**EXERCISE REQUIREMENTS:**
Please transcribe exactly, and only, the lines of the data below between the line holding "Dogana e vjetër në Davidoc" and the line holding "Si trashëgimi e", inclusive.

****************************************

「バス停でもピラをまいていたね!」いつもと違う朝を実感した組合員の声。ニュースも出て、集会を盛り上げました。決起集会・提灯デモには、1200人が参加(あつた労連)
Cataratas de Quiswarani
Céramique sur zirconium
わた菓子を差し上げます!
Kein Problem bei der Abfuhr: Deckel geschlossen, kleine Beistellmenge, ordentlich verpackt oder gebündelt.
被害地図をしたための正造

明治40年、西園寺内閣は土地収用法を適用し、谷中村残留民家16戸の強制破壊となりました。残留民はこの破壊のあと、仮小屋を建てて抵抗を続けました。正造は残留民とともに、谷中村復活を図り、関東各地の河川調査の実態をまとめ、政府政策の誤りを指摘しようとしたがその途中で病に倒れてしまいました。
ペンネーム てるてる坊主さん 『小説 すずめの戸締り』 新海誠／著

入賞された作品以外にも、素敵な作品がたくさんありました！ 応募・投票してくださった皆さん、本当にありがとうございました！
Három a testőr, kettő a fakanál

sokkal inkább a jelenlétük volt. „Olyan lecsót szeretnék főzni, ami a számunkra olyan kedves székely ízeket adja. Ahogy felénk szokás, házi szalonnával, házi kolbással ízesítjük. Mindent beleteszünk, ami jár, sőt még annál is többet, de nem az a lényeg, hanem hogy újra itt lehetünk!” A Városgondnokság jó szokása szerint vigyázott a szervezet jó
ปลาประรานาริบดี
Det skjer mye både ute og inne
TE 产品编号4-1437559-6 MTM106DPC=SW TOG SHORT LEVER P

****************************************

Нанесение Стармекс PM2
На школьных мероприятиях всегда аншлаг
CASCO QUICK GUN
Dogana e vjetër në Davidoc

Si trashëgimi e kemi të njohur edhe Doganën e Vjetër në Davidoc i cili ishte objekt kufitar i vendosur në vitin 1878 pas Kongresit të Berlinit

****************************************

**THE COMPLETED TASK:**
Dogana e vjetër në Davidoc

Si trashëgimi e kemi të njohur edhe Doganën e Vjetër në Davidoc i cili ishte objekt kufitar i vendosur në vitin 1878 pas Kongresit të Berlinit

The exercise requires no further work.